Kids Company puts the limitations of audits under scrutiny

The Charity Commission wants auditors to report their concerns to it more readily than they do, writes Liam Kay

Audits: check only a sample of the paperwork, says Nick Brooks
Audits: check only a sample of the paperwork, says Nick Brooks

One key question about Kids Company concerns the role its auditors played. Only 11 months before the charity collapsed in August 2015, they had signed off its accounts, which some saw as confirmation that all was well.

For example, Oliver Letwin, Chancellor of the Duchy of Lancaster, who has overall control of the Cabinet Office, told the Public Administration and Constitutional Affairs Committee inquiry into the charity that "the evidence we were getting from the auditors was not evidence of something that was financially mismanaged in the way that it has now come to light that it was".

Don Bawtree, lead partner for charities at the accountancy firm BDO LLP, says many trustees think audits will prevent fraud, even though they do not involve the forensic examination of the accounts needed to give true peace of mind.

And the accountant for Kids Company - Nick Brooks (left), partner at Kingston Smith - told the committee in a separate hearing about the limitations of audits, which assess only whether a charity's accounts are free of material misstatement and are a true and fair reflection of the financial position.

According to Brooks, auditors check only a sample of the paperwork, and the required assurance that the charity is a going concern applies only to the next 12 months. Any misgivings about the accounts are mentioned not in the report but in a "management letter" to the trustees.

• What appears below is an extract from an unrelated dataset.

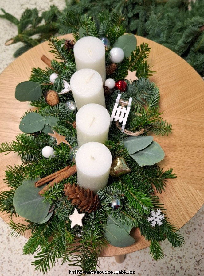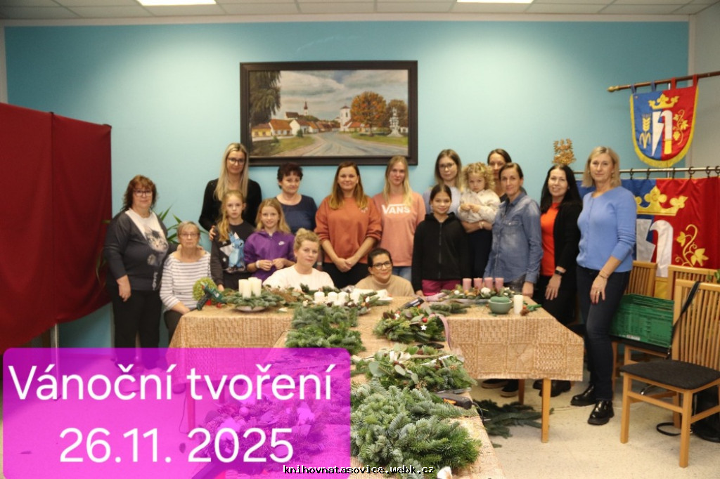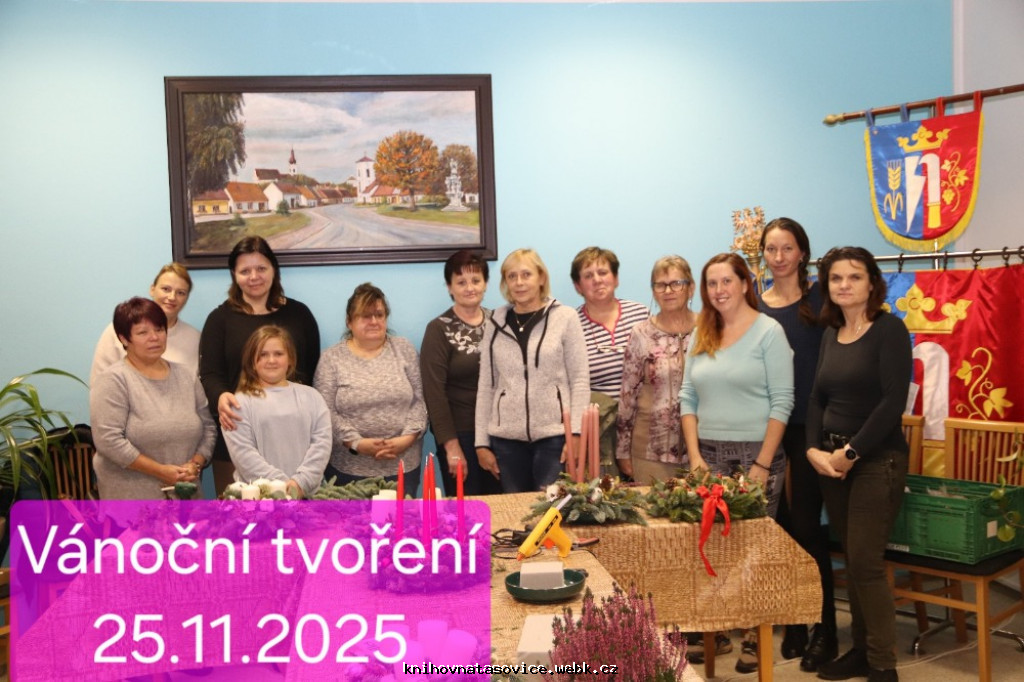 Vánoční tvoření adventních dekorací 25.11 a 26.11. 2025 v Místní knihovně s paní Martou Nesnídalovou. Moc děkujeme Martě za čas, materiál, rady a nápady, Všem přítomným za účast a přízeň, kterou akcím knihovny zachovávají. Děkuji p. Šimíkovi za pořízení fotografií na této krásné akci.

Brooks revealed that in all three audits of Kids Company by his firm, the management letter warned that the charity was "living hand to mouth" with insufficient reserves - both factors in its eventual collapse. But Kids Company did not respond to two of the letters, and the Tory MP David Jones asked Brooks if it was a breach of duty on his part not to have raised the matter with the Charity Commission, which requires "failures in charity governance which lead to significant charitable funds being put at major risk" to be reported to it.

Brooks responded: "I am not sure I would go as far as to say that. But it is something that I would obviously take away with me and consider for future reference."

The Charity Commission is keen for auditors to report matters to them more often. They already have to report eight issues of material significance, including evidence of dishonesty or fraud; loss of funds; money laundering or criminal activity; terrorism; breaches of legislative requirements; risk of abuse or mistreatment of beneficiaries; and deliberate breach of a charity regulator's order or direction.

They also have discretion to report any matter relevant to the exercise of the commission's functions, but this power is rarely used. Nigel Davies, head of accountancy services at the Charity Commission, says auditors should use it more often.

"We think applying professional scepticism is not unreasonable," he says. "If they come across something that leaves them feeling unhappy, they exercise their professional discretion; and if they don't believe it is on the list of things they must report, they should report it as a relevant matter."

The commission is planning to work with professional bodies to put out key regulatory messages on reporting this year. A formal consultation on issues of material significance could be held before the summer in collaboration with the Scottish and Northern Irish charity regulators.